In fact, the Dewayn Brothers pride themselves on their no-holds-barred approach to bluegrass. "Never limiting what you can do with a traditional bluegrass lineup is a big part of being a Dewayn Brother," Briggeman explains. And they walk the walk: Along with their own numbers, the Brothers have made songs such as Nirvana's "Breed" and John Lennon's "Imagine" into bluegrass tunes. Crazy as it sounds, they do it well. With 150 dates lined up over the next year, band members have quit their jobs as deskbound clerks and booze-peddling bartenders and hit the road in a banged-up bus.

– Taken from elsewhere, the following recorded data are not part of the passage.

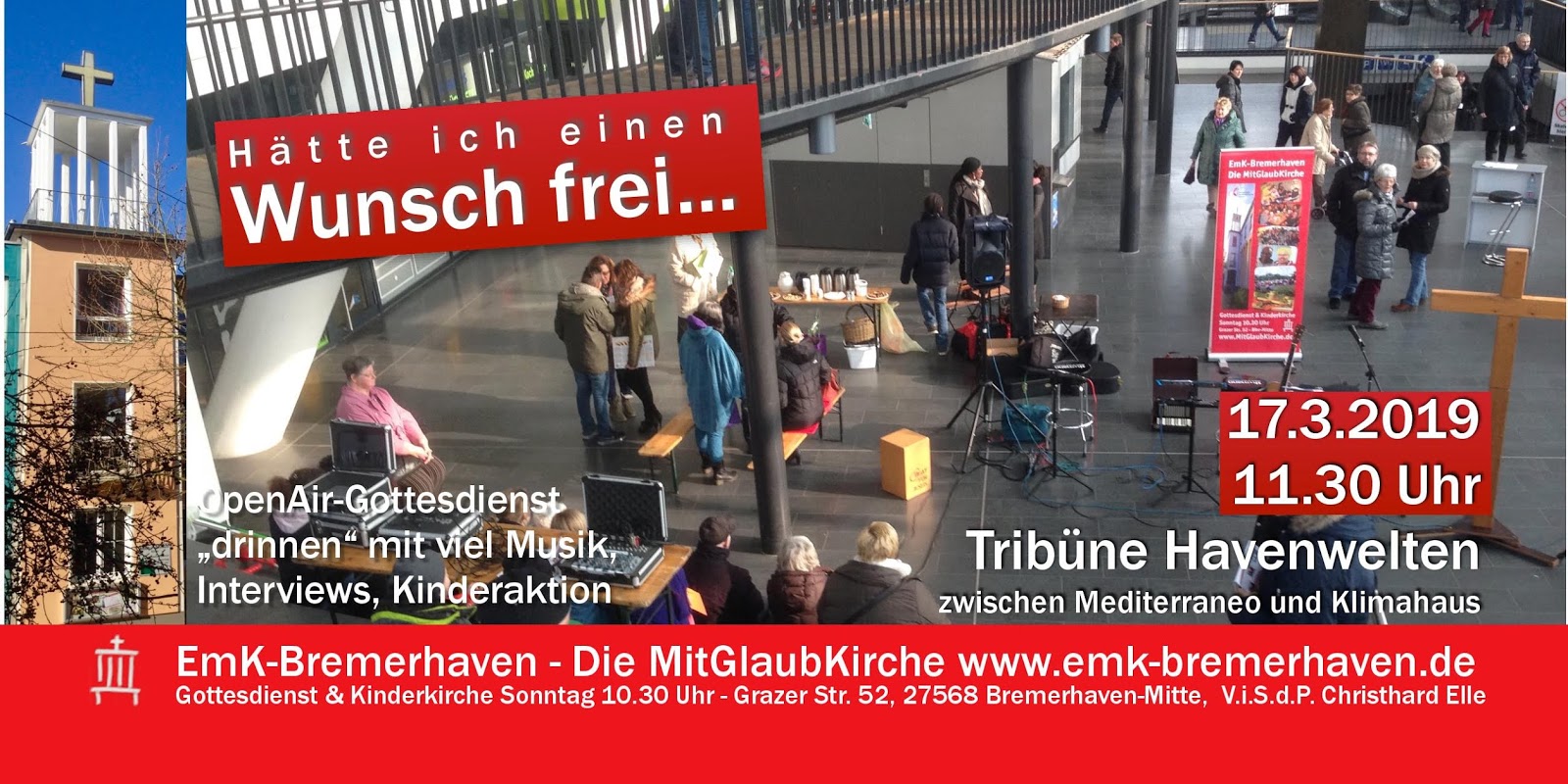 An der Tribüne der Havenwelten zwischen Mediterraneo und Klimahaus findet der nächste OpenAir-Gottesdienst statt. Herzlich willkommen!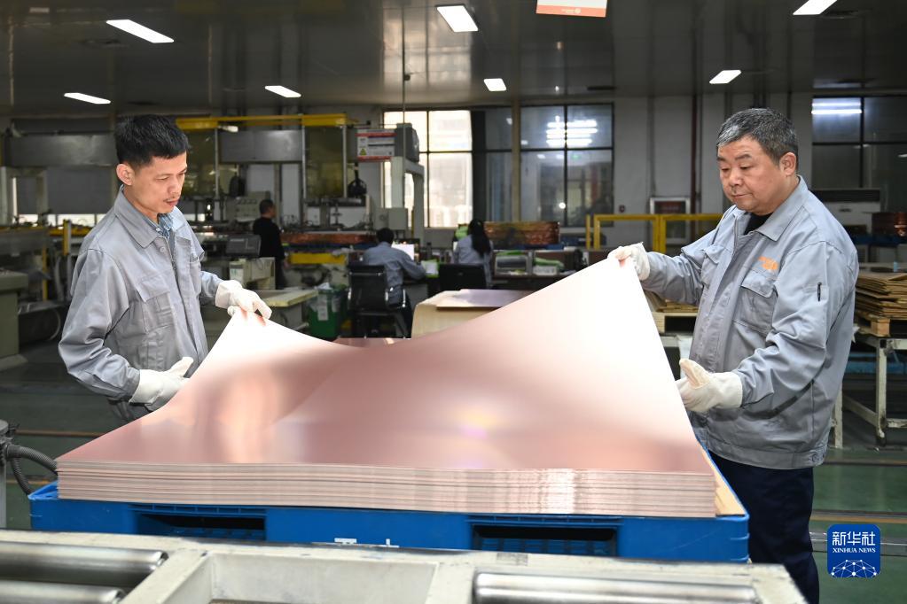 工人在位于杭州市的浙江華正新材料股份有限公司覆銅板生產車間作業(3月23日攝)。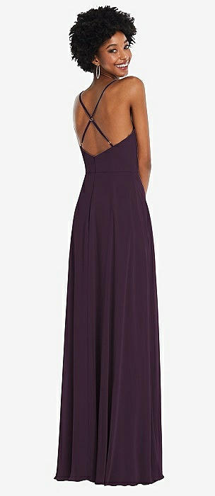 Stand Collar Halter Maxi Dress with Criss Cross Open-Back in aubergine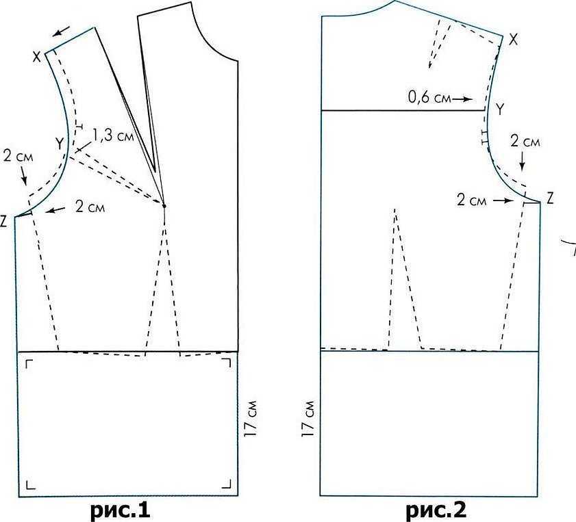 - углубляется пройма на спинке на 1 см и проводится новая линия проймы;

So far, living the musician's dream has led the band around the country. This summer, it takes them to the Wakarusa festival outside Lawrence. As far as Kansas music fans are concerned, though, all that's important is that the Dewayn Brothers put on a foot-stomping, hat-waving good old-timey show. And, of course, they raise enough hell to wake old W.A. White from the dead. That ought to be enough to put Emporia back on the map.